# New to the team, start as cashier and flex this week



## topherr4 (Oct 5, 2020)

Hello, all! I am a recent addition to the Target family having just completed my orientation for flex/cashier/GM earlier today. During my "orientation" which just consisted of online training activities, I had to learn about the fulfillment role which, to be frank, I had no idea what it was until I started my orientation today. While I was reading about it within my orientation tasks I began to get overwhelmed and nervous with how much information there was to the role. I have a decent idea of what goes into the role but am still in the dark on a lot of the stuff. I'm coming to these forums with a few questions relating to my position that I hope can be answered. I just moved to the area recently to live with my girlfriend and have struggled to find a job within my Bachelor's degree and don't want to disappoint my girlfriend and just want to do a good job at Target.
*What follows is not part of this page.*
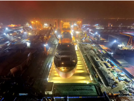 ——第二次改造,2018年10月至2020年6月,再次接長(zhǎng)200米,建成后總長(zhǎng)達(dá)740米。通過中間塢門分別形成前后兩個(gè)獨(dú)立塢室,以滿足年產(chǎn)1.5艘大型郵輪及3艘VLCC綱領(lǐng)產(chǎn)品要求。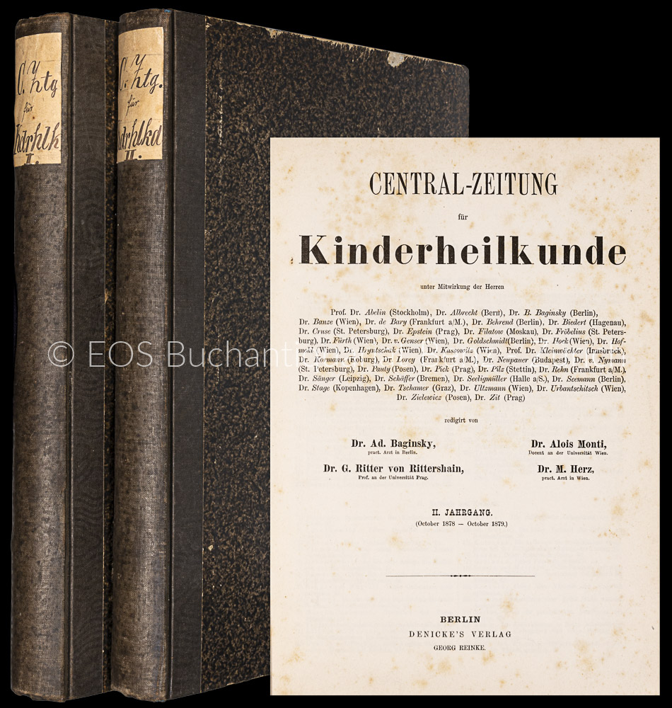 Central-Zeitung für Kinderheilkunde. Berlin, Denicke, 1877–78. 4°. Pappbände der Zeit.

1. What does an average day of fulfillment look like from start to finish. How does it work when you clock in? How are you notified of orders? Do you have to go out and deliver them to the customers or do other team members at the store do that?
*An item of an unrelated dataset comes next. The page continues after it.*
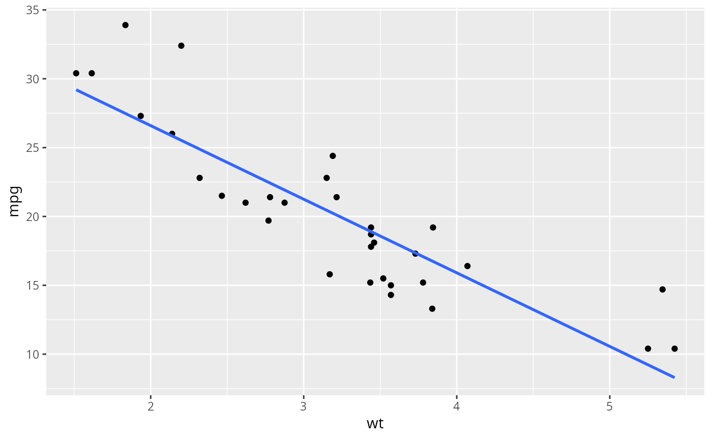 p <- ggplot(mtcars, aes(mpg, wt)) +

2. Is fulfillment hard? In reading about the position during my orientation it all seemed so confusing with the acronyms and whatnot.

3. How hard is cashiering?


----------



## Hardlinesmaster (Oct 5, 2020)

Welcome! Good shoes & always ask questions. Search our threads.


----------



## Loading (Oct 6, 2020)

Cashiering is probably to easiest and least stressful job in the store (no offense to my cashiers out there, I respect your effort).


----------